Stored entries
————

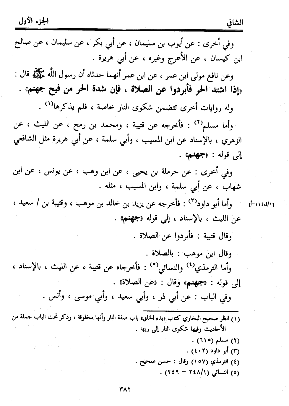 وأما الترمذي (¬4) والنسائي (¬5): فأخرجاه عن قتيبة، عن الليث، بالإسناد، إلى قوله: "جهنم" وقال: "عن الصلاة".
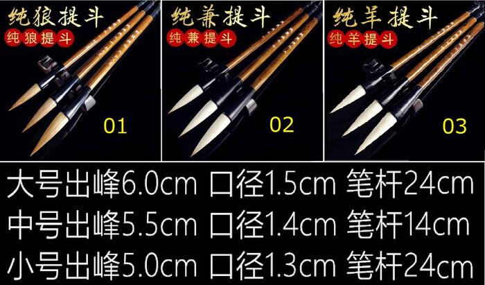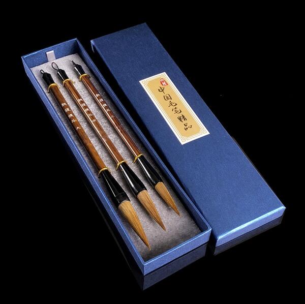 純狼毫(イタチ) 純羊毫 兼毫(イタチと羊) 唐筆湖筆 書画用 大中小3本セット 函付/毛笔狼毫兼毫羊毫斗笔套装
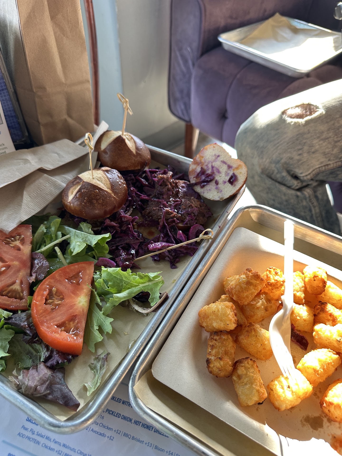 At the food counter, I asked about the breading on the cauliflower bites due to allergy concerns (corn) and was told they aren’t breaded, despite menu description. Okay, items get updated. I also ordered the bison burger in a bowl. I appreciate the bowl concept because I’m a bunless eater anyway but my partner was mildly irritated because this is not how it was portrayed when we previewed their options on google. No big though. Order food, give over number and full government (not comfortable with that — can’t figure out how to remove it from their system), take number and take a seat. Most of the seating is uncomfortable but they have some cute lounge-style tables. Partner ordered tots, the squeeze my brisket bun sliders, and monkey bread (which he was most looking forward to). We picked up our own food, even though the man made a big deal about a woman leaving her number behind — “it’s how we find you!” Find for… what? Not sure. You get a text and pick up the food. Don’t wait for it to be brought to you or you’ll be waiting a while.
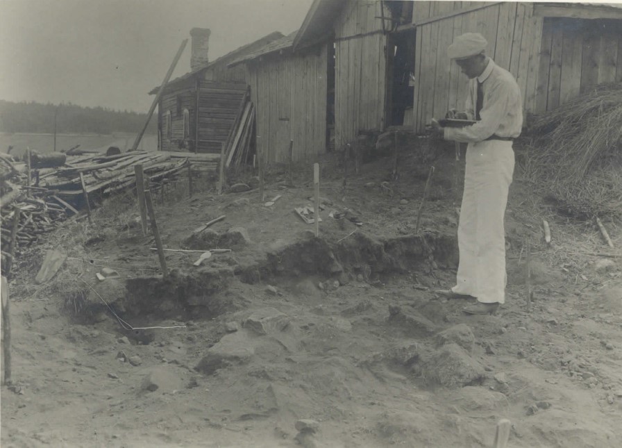 Aarne Michaël Tallgren (1885–1945) johti ensimmäiset omat kaivauksensa ja muutkin kenttätyönsä kesällä 1906. Kaivaukset olivat Harjavallassa, Köyliössä ja Uskelassa.[i] Viimeisen kerran hän kaivoi kesällä 1932 kotipitäjässään Maariassa. Vuosien 1906–1919 kotimaiset kenttätyöt olivat Muinaistieteellisen toimikunnan virkatöitä, eikä Tallgren voinut mainittavasti vaikuttaa kohteiden valintaan. Suurempi vapaus hänellä oli professorina Tartossa 1920–1923 ja Helsingissä 1923 jälkeen, ja täysin hänen omista tutkimuksellisista lähtökohdistaan nousivat kaivaukset, jotka hän toteutti Venäjällä 1909 ja 1915.
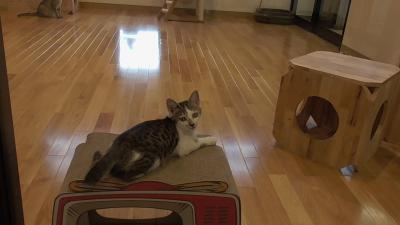 最初に「milk」と名付けられたキャットルームを見学しました。2匹の子猫がじゃれあったりして、とてもかわいらしい姿を見せてくれました。ここでは「愛くるしい」姿ですね。

————

Brief:
Print exactly the lines from the first line of the records above through the line containing "純狼毫(イタチ) 純羊毫 兼毫(イタチと羊)", both included, and leave the pictures out.

Response to the exercise:
 وأما الترمذي (¬4) والنسائي (¬5): فأخرجاه عن قتيبة، عن الليث، بالإسناد، إلى قوله: "جهنم" وقال: "عن الصلاة".
 純狼毫(イタチ) 純羊毫 兼毫(イタチと羊) 唐筆湖筆 書画用 大中小3本セット 函付/毛笔狼毫兼毫羊毫斗笔套装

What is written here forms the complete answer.